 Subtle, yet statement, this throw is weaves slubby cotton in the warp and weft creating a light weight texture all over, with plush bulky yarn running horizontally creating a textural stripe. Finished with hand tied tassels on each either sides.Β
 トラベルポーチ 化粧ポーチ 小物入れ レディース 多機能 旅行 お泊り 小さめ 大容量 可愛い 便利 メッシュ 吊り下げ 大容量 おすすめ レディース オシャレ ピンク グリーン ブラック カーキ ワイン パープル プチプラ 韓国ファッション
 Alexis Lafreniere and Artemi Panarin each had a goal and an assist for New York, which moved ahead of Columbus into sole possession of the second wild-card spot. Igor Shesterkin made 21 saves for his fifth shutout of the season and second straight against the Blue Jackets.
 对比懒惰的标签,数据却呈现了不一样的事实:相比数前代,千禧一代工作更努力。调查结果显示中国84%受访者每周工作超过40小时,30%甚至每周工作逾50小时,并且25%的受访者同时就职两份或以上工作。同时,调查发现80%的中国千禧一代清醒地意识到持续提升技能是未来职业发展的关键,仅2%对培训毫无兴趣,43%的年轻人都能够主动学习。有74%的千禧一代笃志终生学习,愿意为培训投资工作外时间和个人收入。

..........

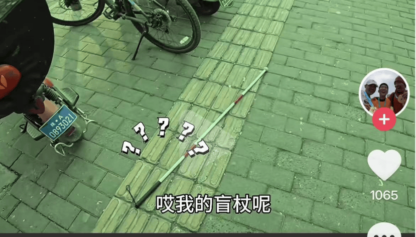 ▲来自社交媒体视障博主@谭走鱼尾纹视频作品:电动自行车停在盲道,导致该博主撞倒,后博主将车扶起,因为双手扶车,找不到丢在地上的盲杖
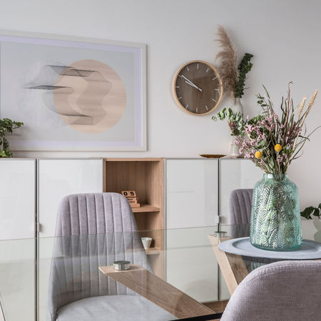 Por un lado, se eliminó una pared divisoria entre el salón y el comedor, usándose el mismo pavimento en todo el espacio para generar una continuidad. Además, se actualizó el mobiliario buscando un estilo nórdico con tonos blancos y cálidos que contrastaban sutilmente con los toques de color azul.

..........

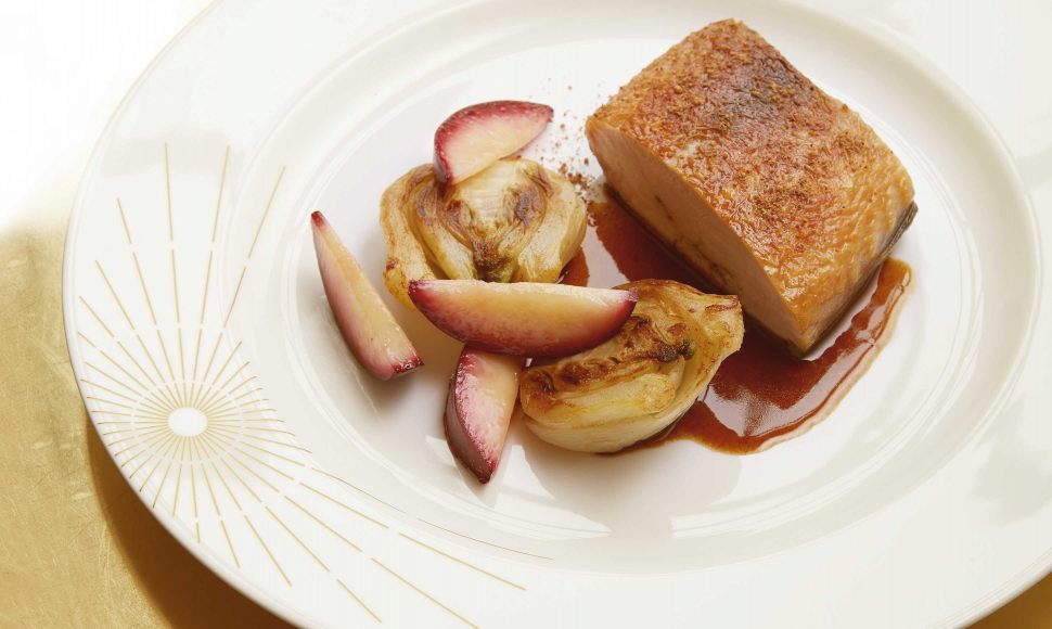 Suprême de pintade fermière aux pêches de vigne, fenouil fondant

..........

WHAT IS EXPECTED -
What lines of the listing above hold "each"? Copy all of them.

ANSWER TO THE PROBLEM -
 Subtle, yet statement, this throw is weaves slubby cotton in the warp and weft creating a light weight texture all over, with plush bulky yarn running horizontally creating a textural stripe. Finished with hand tied tassels on each either sides.Β
 Alexis Lafreniere and Artemi Panarin each had a goal and an assist for New York, which moved ahead of Columbus into sole possession of the second wild-card spot. Igor Shesterkin made 21 saves for his fifth shutout of the season and second straight against the Blue Jackets.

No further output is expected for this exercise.